By Rey Lambatin, Choir Director
I love watching PBS. I especially love the American Masters series where they feature in-depth and comprehensive biographies about the broad cast of characters who comprise our cultural history. I’ve always been fascinated watching documentaries, and learning facts about people, places, and our environment. In a way, it’s my own version of “reality show” draw, only the characters are more widely relevant to our culture and educational development. In one of these American Masters episodes, Robert Shaw was featured.

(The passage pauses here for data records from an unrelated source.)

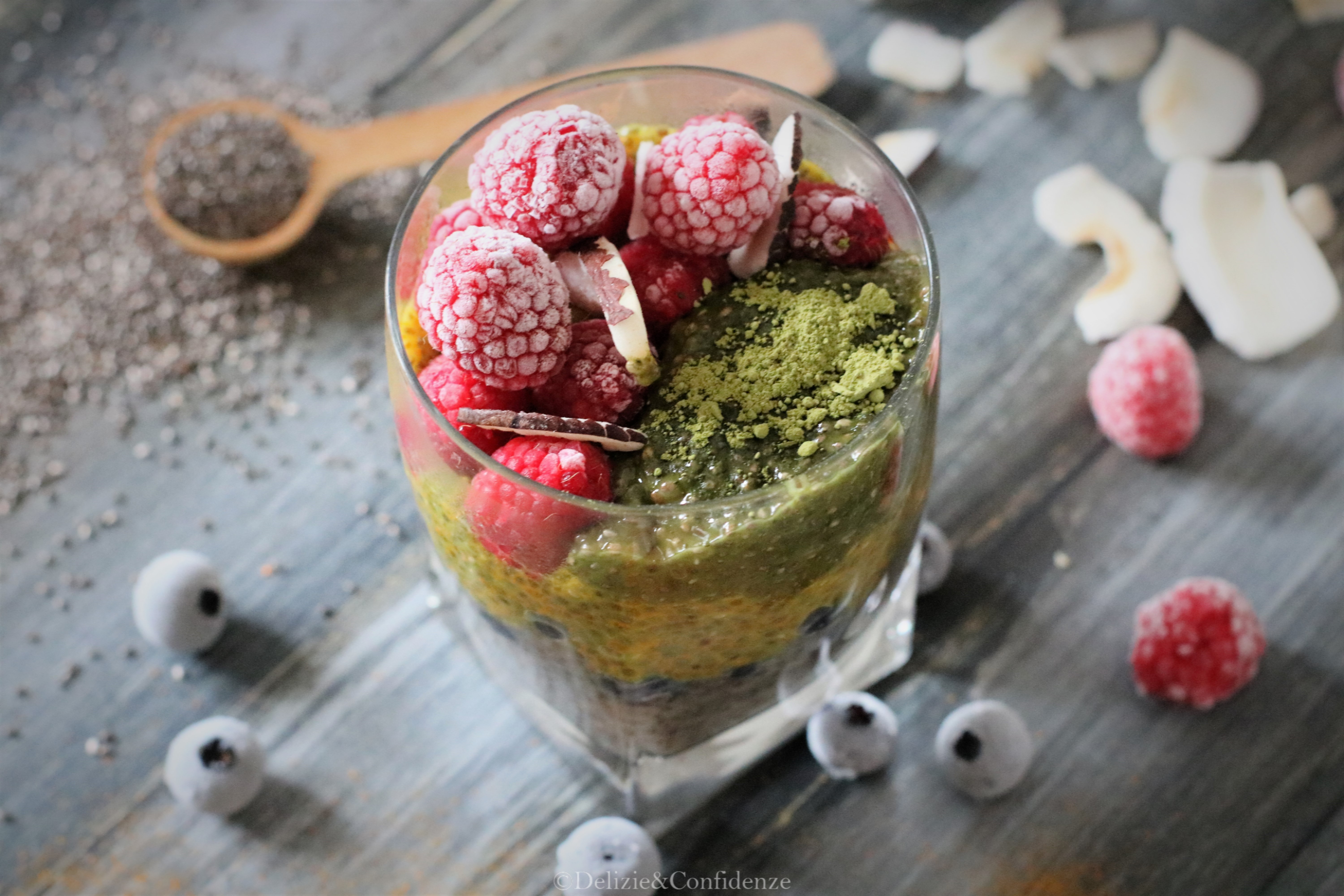 Pudding ai semi di chia con matcha, curcuma e cocco
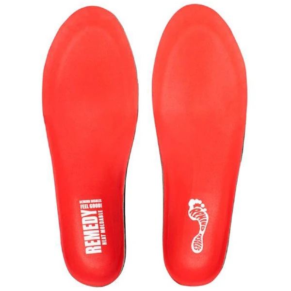 THE REMEDY has a Four-layer foam impact rebound system made up of the highest quality materials built to withstand every type of footwear abuse. Its anti-microbial and anti-friction fabric systems reduce hot spots and blisters, keeps the feet cool, dry, odorless and gives you excellent foot grip for enhanced control and stability. KEY FEATURES: HEAT MOLDING: Heat Molding technology custom molds to your specific foot details for intricate support and even weight distribution. PROPER ALIGNMENT: Remind insoles are engineered to support your foot’s natural movements by aligning your body’s joints and alleviating stress. The ankles, knees, hips and spine will fall into straight alignment when the foot and arch are supported with the Remind orthotic shape. BLUE MAGIC: Blue Magic is a state of the art shock absorbing smart foam that will out-perform any other product on the market. Blue Magic can absorb massive amounts of energy while maintaining a soft feel. Not only is it built for heavy impacts, but it’s also extremely durable and won’t pack out or wear down. HIGH PERFORMANCE: Lightweight, high performance, responsive, and durable material that provides high energy return and doesn’t break down. ANATOMICAL ARCH SUPPORT: Semi-rigid insert that flexes perfectly with your foot’s mechanical movements that’s been bio-mechanically engineered for proper anatomical alignment. This enhances your performance and provides joint pressure relief. ANTI-MICROBIAL: Anti-microbial, anti-friction system that reduces hot spots, keeps feet cool, dry, and odorless. MOISTURE WICKENING: Every insole has a 100 organic treatment that wicks away moisture and odor, leaving your feet dry and smelling good. FOUR TECH CONSTRUCTION: Four layer construction that absorbs shock, ensures lasting wear and provides structural support. Heat Mold Instructions: 1.) Pre Heat Oven to 200 F or 94 C 2.) Place in oven for 2-4 minutes 3.) Remove from oven and Place into Shoes or Boots 4.) Stand hip distance apart for 2 minutes
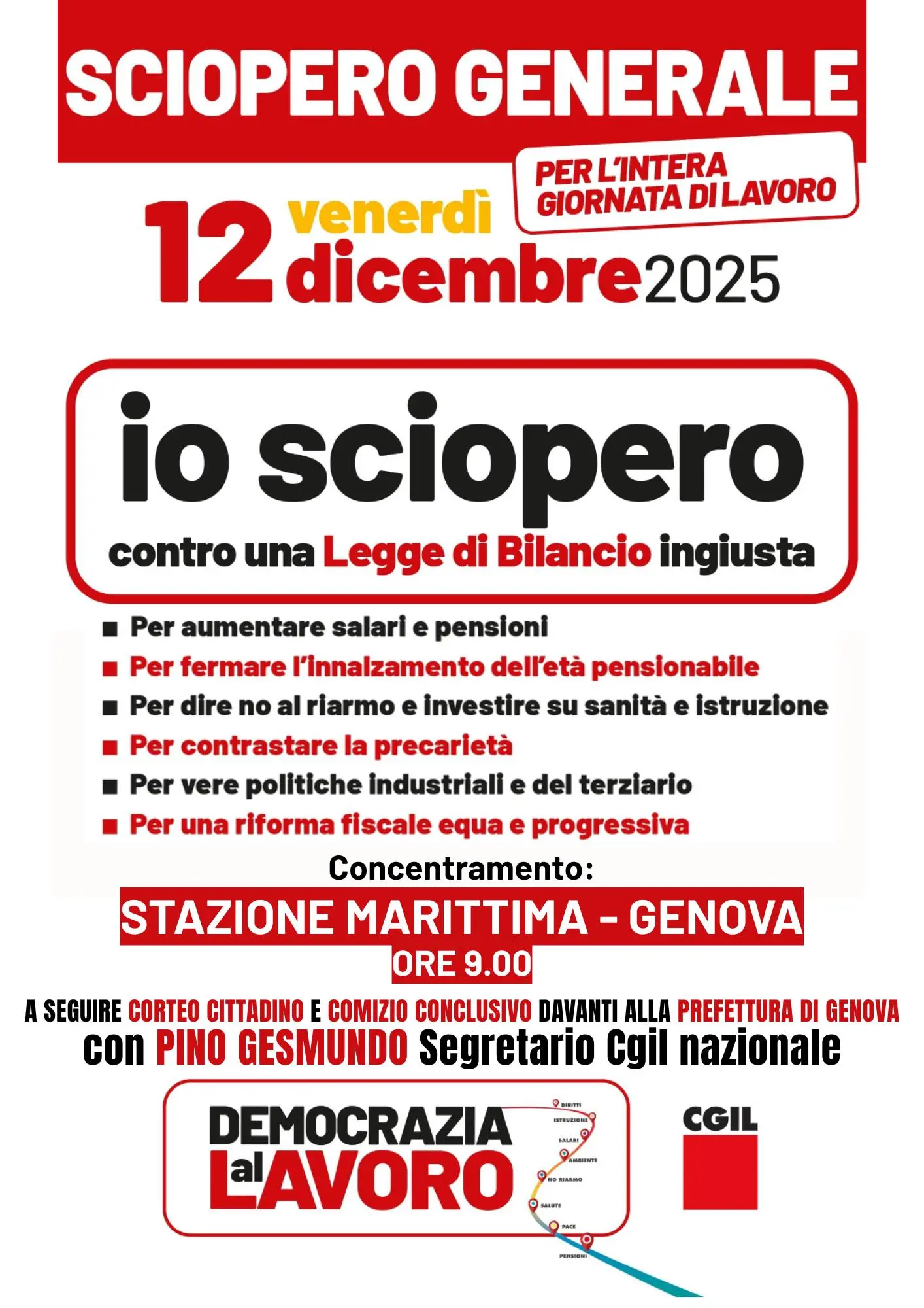 Il segretario confederale della Cgil Giuseppe Gesmundo concluderà la manifestazione a Genova in occasione dello sciopero generale per l'intera giornata di lavoro proclamato dalla Confederazione contro una Legge di Bilancio ingiusta. Concentramento venerdì 12 dicembre presso la Stazione Marittima a Genova, ore 9.00, a seguire corteo cittadino e comizio conclusivo davanti alla Prefettura di Genova in Largo Lanfranco. Per informazioni clicca qui
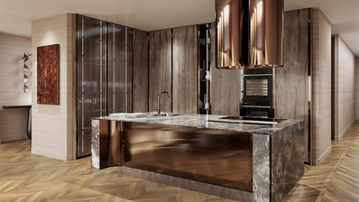 The residence offers the infrastructure of a five-star hotel: indoor swimming pool, SPA area, modern gym, café, coworking space, children’s playroom, lounge spaces and a respectable reception with a concierge service.
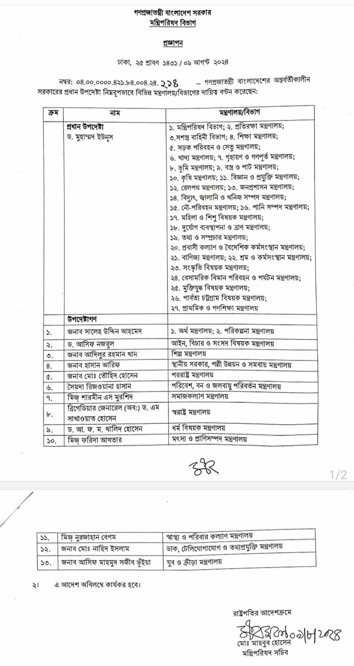 প্রজ্ঞাপন অনুযায়ী ২৭টি মন্ত্রণালয়ের দায়িত্বে রয়েছেন প্রধান উপদেষ্টা ড. মুহাম্মদ ইউনূস।

Robert Shaw is one of the well-known musicians in the choral community whom I truly admire and admittedly aspire to be. He is regarded as one of America’s greatest choral music conductors. With no formal training, Robert Shaw was legendary for his interpretations of classical music’s choral masterpieces and inspired generations of musicians with the power of music. And as I watch the documentary, I can’t help but be more inspired and be in awe of the man, that even with humble and challenging beginnings, rose to be the director of Atlanta Symphony Orchestra and Chorus for two decades, from 1967 to 1988. His love and passion for music and his craft is very apparent with the way he connected to the people he worked with. I’m particularly touched to learn that he used to write letters to his choir singers after every rehearsal, thanking them, and letting them know how his singers inspire him to create beautiful music. He is also instrumental in using music to bridge and connect with the African-American community in Atlanta, by hiring T. J. Anderson as the first African-American resident composer for the Atlanta Symphony Orchestra.
This is one of the things I aspire for our choirs here at CGS - to use music to bridge gaps between our differences, cultures, and religious backgrounds, and to be able to sing in unity to worship our God, and help and serve each other. I hope to continue to use Mr. Shaw’s legacy as an inspiration, to effectively carry on the healing and unifying power of music in our choral ministry.